- **WHAT YOU NEED TO DO**: Please set down, with no changes, every line of the material below from the one containing "ซิงค์ล้างจานสแตนเลสทรงสี่เหลี่ยมก้นลึก จาก HAFELE" through the end. Skip the pictures.

- **THE DATA**:
━━━━━━━━━━━━━━━━━━━━━━━━━━━━━━

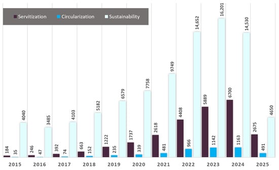 The dynamics of scientific publications in the fields of digital servitization in industry, circularization and sustainability (source: https://www.lens.org/ (accessed on 10 July 2025)).
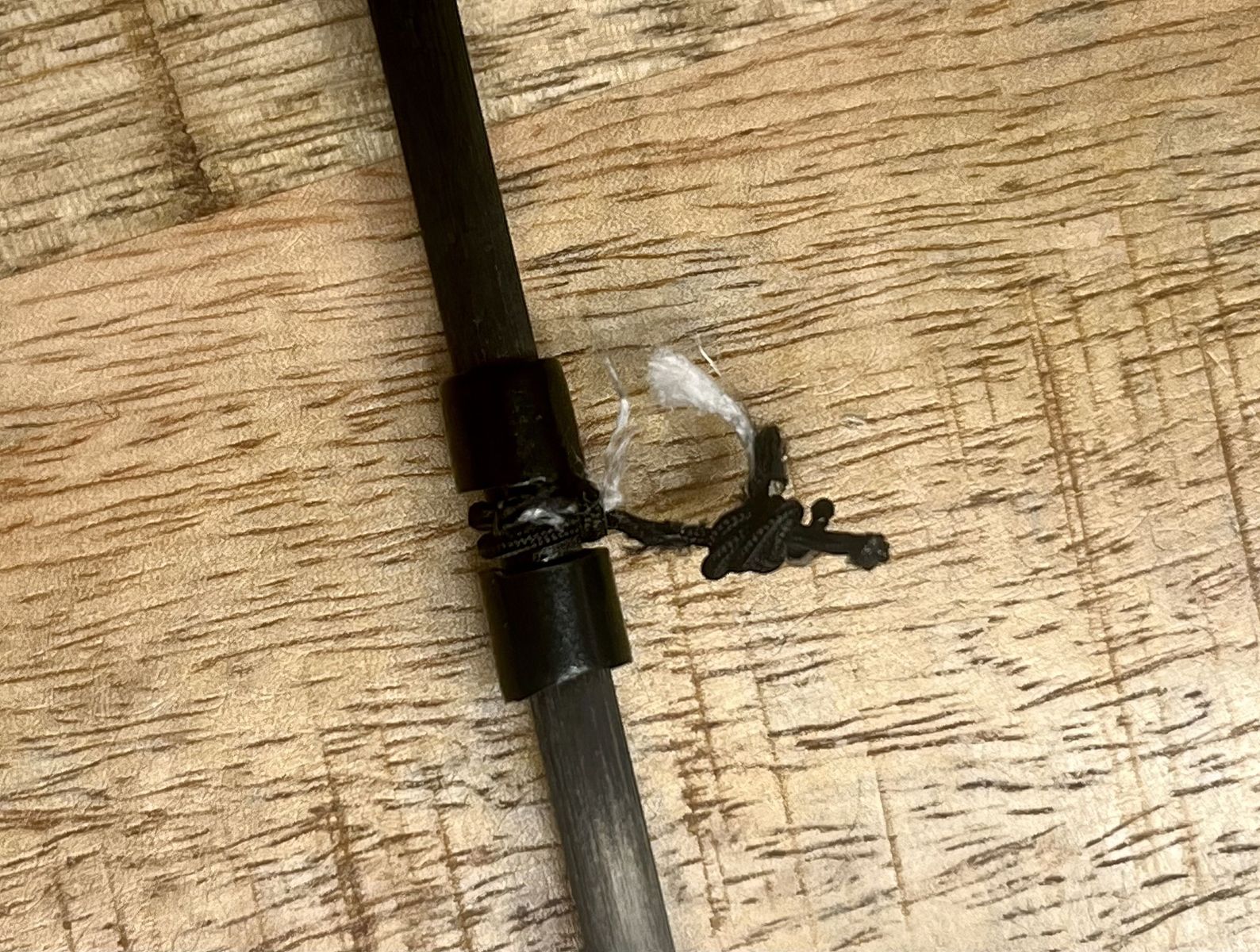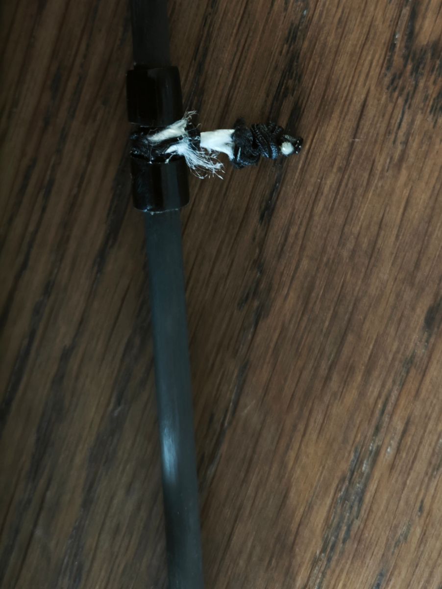 Da ich nach meinem letzten Flug bemerkte, dass mein Schnurkreuz eh schon fast durchgerissen ist, hab ich es mal eben durchgeschnitten ![]()
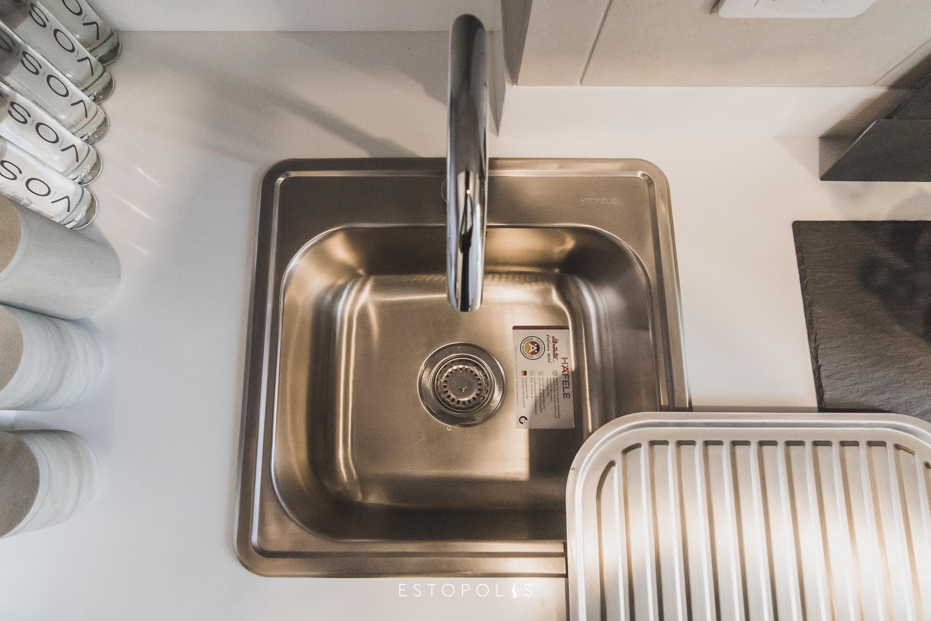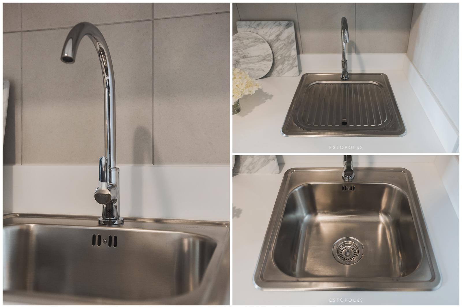 ซิงค์ล้างจานสแตนเลสทรงสี่เหลี่ยมก้นลึก จาก HAFELE มีขอบที่พักจานเล็กน้อย เพื่อป้องกันน้ำกระเซ็น ส่วนก็อกน้ำสามารถหมุนปรับทิศทางได้จึงสะดวกเวลาใช้งาน
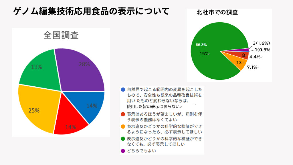 北杜市で意見書採択に取り組んだ市会議員の中村典子さんは、生活クラブ山梨生協の元理事で、2022年に北杜市議会で採択された「北杜市の小学校にゲノム編集トマト苗を受け取らないことを求める請願書」では請願人として活躍された方。今回は請願「ゲノム編集食品の表示の義務化を国に求める意見書提出に関する請願書」の紹介議員として、意見書採択に関わったとのことです。特筆すべきは、ゲノム編集食品の表示について市民がどのように考えているのか、北杜市民に対して独自に調査して9割以上の市民が表示を希望している事実を突き止めたことでしょう。その結果、この請願は20259月議会で委員会での審議を経て、本会議で「ゲノム編集食品の表示の義務化を国に求める意見書」が採択されたのです。

━━━━━━━━━━━━━━━━━━━━━━━━━━━━━━

- **EXERCISE RESPONSE**:
 ซิงค์ล้างจานสแตนเลสทรงสี่เหลี่ยมก้นลึก จาก HAFELE มีขอบที่พักจานเล็กน้อย เพื่อป้องกันน้ำกระเซ็น ส่วนก็อกน้ำสามารถหมุนปรับทิศทางได้จึงสะดวกเวลาใช้งาน
 北杜市で意見書採択に取り組んだ市会議員の中村典子さんは、生活クラブ山梨生協の元理事で、2022年に北杜市議会で採択された「北杜市の小学校にゲノム編集トマト苗を受け取らないことを求める請願書」では請願人として活躍された方。今回は請願「ゲノム編集食品の表示の義務化を国に求める意見書提出に関する請願書」の紹介議員として、意見書採択に関わったとのことです。特筆すべきは、ゲノム編集食品の表示について市民がどのように考えているのか、北杜市民に対して独自に調査して9割以上の市民が表示を希望している事実を突き止めたことでしょう。その結果、この請願は20259月議会で委員会での審議を経て、本会議で「ゲノム編集食品の表示の義務化を国に求める意見書」が採択されたのです。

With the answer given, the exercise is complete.